**PROMPT**
Omit every picture, then return each line of the data below exactly.

**DATASET CONTENT**
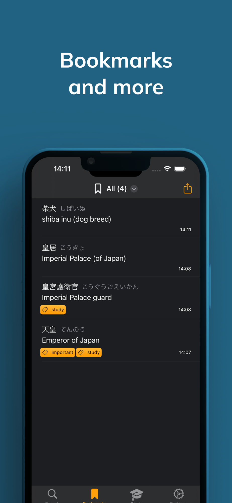 Offline Japanese dictionaries for words, kanji, and example sentences.
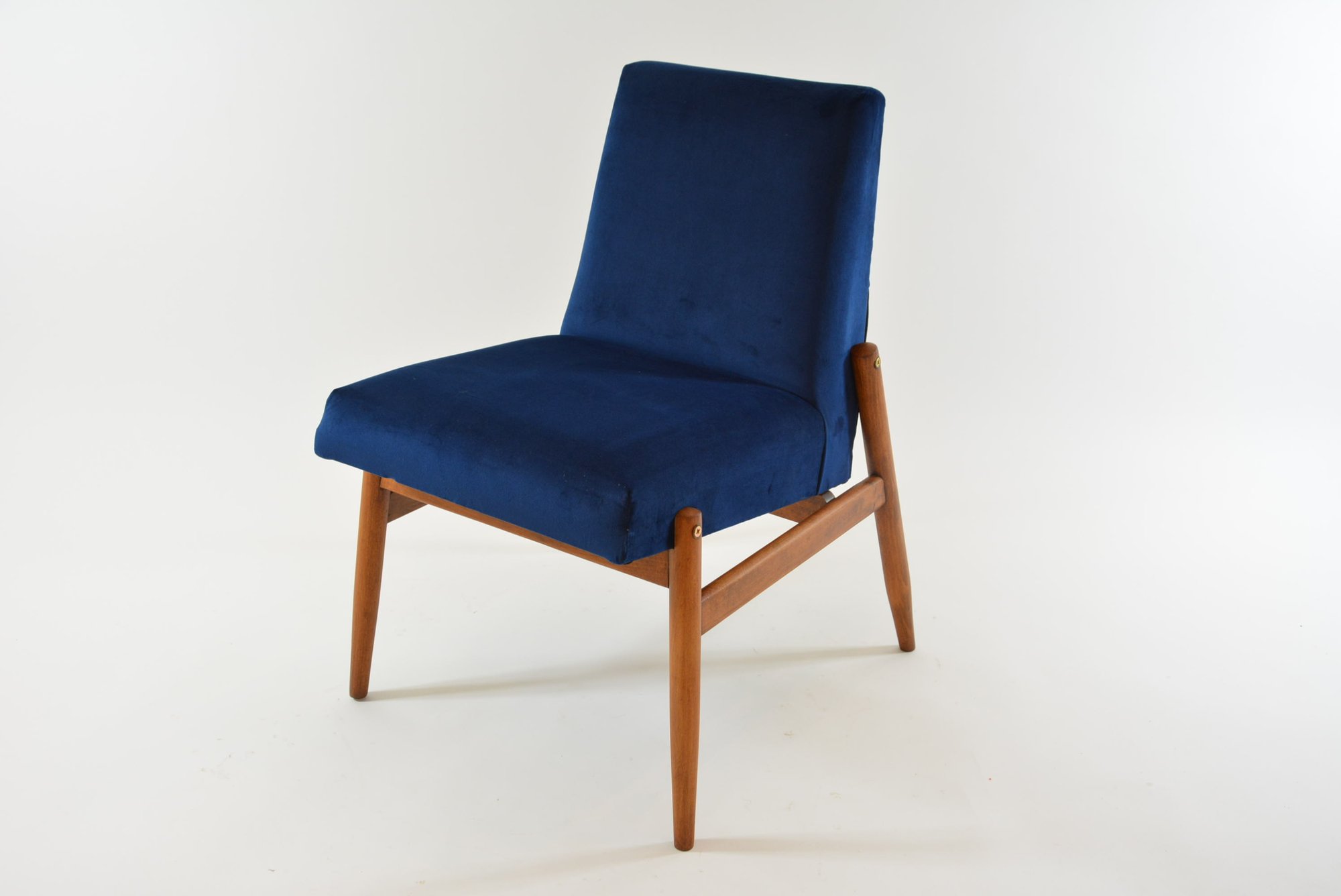 Petits fauteuils des années 60 sans accoudoirs. Construction épurée et fonctionnelle. Modèle idéal pour un petit espace. Entièrement restauré en tissu velours bleu nuit avec le derrière du dossier tapissé en demi rond avec le tissu velours gris et les cutures.
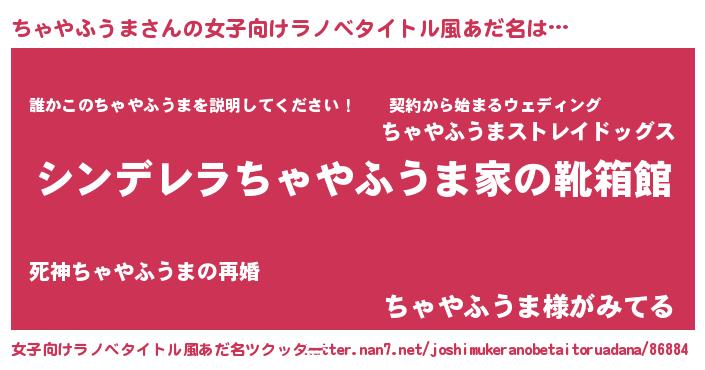 | 欧米人風あだ名 | 『ちゃやふうま・ステッグマイヤー』 |

**OUTPUT FOR THIS EXERCISE**
 Offline Japanese dictionaries for words, kanji, and example sentences.
 Petits fauteuils des années 60 sans accoudoirs. Construction épurée et fonctionnelle. Modèle idéal pour un petit espace. Entièrement restauré en tissu velours bleu nuit avec le derrière du dossier tapissé en demi rond avec le tissu velours gris et les cutures.
 | 欧米人風あだ名 | 『ちゃやふうま・ステッグマイヤー』 |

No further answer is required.